The bose system in the 03-05 Mazda6s uses an approximately 2volt preamp output
The Metra kit does not supply a provision for RCA into the harness, so I'm assuming you hooked the speaker level outputs directly to the amps input, hence the increased output from the otherwise stock bose system
The bose amp in these cars is known for losing the left channels, the solution is to replace it (see Mazda 6 Forums : Mazda 6 / Mazda Atenza Forum)


----------



## StylnCamaro (Jun 9, 2010)

I figured it out that itt is the headunit, I just don't know if it is the harness or the actual headunit, If I replace the factory cd harness will it make a difference or prob not?


----------



## DaveRulz (Jun 22, 2006)

The best thing to do with the bose amplifier and speakers in a Mazda6 is remove them and throw them in the trash.
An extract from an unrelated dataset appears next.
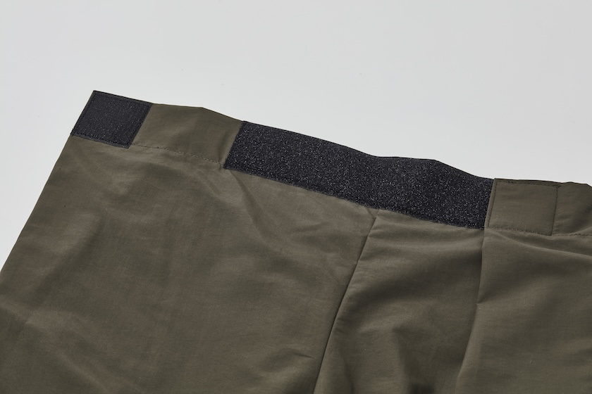 前述のようにベルクロでフィッティングが自在に調整でき、さらには着丈をやや短めの約100cmに。ウエストが60〜100cmまで対応できるため、大柄な男性だけでなく小柄な女性も着こなせる一本に。ユニセックスモデルとしてパートナーとシェアできるのも魅力です。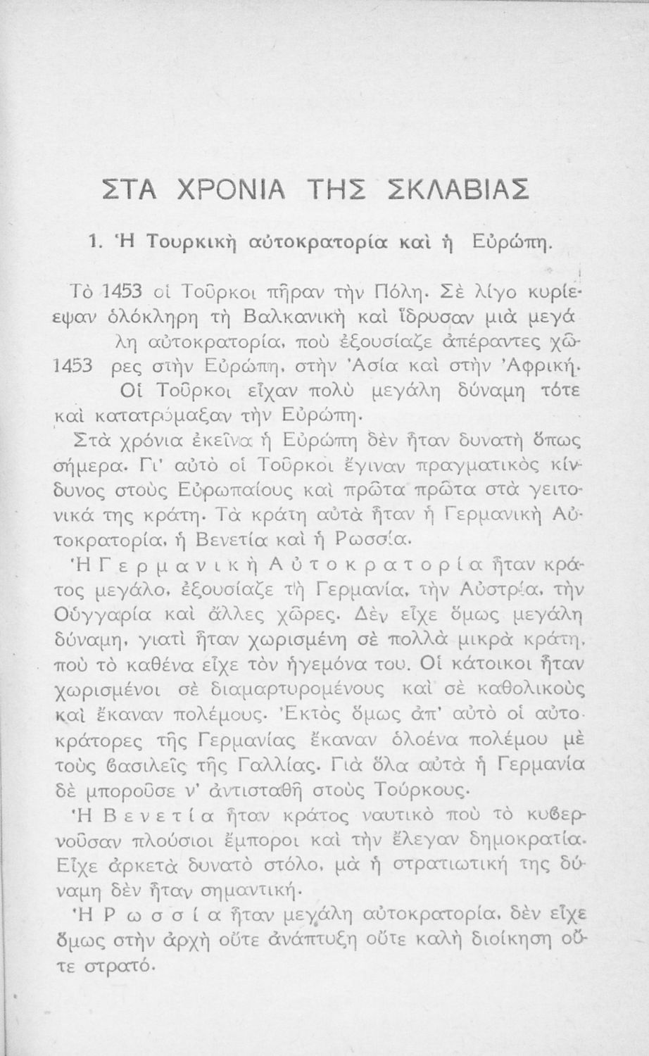 LDR 01662 2200193 4500 035 ## _a03-20561205 040 ## _aΒιβλιοθήκη της Βουλής των Ελλήνων 041 ## _ael 100 ## _aΧ. Θεοδωρίδης _aΑ. Λαζάρου 110 ## _a20561205 245 0# _aΤα Νέα Χρόνια. Για την ΣΤ΄ του Δημοτικού Σχολείου 260 ## _aΑθήνα _bΔημ. Δημητράκος Α. Ε _c1946 300 ## _a119 _bΣκίτσα, εικόνες, χάρτες (ασπρόμαυρα) 520 ## _aΣχολικό εγχειρίδιο για την ΣΤ΄ Τάξη Δημοτικού για το μάθημα της Ιστορίας. Περιλαμβάνει τα ιστορικά γεγονότα από την προεπαναστατική περίοδο και μετά αναλύει διεξοδικά τα χρόνια της Επανάστασης του 1821. Κλείνει με την συνοπτική αναφορά στη διοίκηση του ελληνικού κράτους κατά τα χρόνια του Όθωνα, του Γεωργίου Α΄, Κωνσταντίνου και Γεωργίου Β΄ . Αναφέρεται ακόμα πιο συνοπτικά στο Β΄ Παγκόσμιο Πόλεμο, την Κατοχή μέχρι και την αποχώρηση των Γερμανών. 521 ## _aΣΤ' Δημοτικού 522 ## _aΕλλάδα 546 ## _aΔημοτική 563 ## _aΣκληρό Εξώφυλλο 650 #4 _aΒ΄ Παγκόσμιος _aΕλλάδα _aΕπανάσταση 1821 _aΙστορία _aΚαποδίστριας _aΚατοχή _aΜεγάλη Ιδέα _aΌθωνας

That's honestly the best advice I can give you. The system is riddled with problems, and while you can interface a new headunit with it, I would only do it as a temporary solution before a complete replacement.


----------



## kvndoom (Nov 13, 2009)

DaveRulz said:


> The best thing to do with the bose amplifier and speakers in a Mazda6 is remove them and throw them in the trash.


I laughed. Because that's what I literally did with the **** out of my 2006 Mazda6. Straight to the dumpster. I probably could've gotten a few bucks for it off egay, but it's the *principle*, you know. :laugh:


----------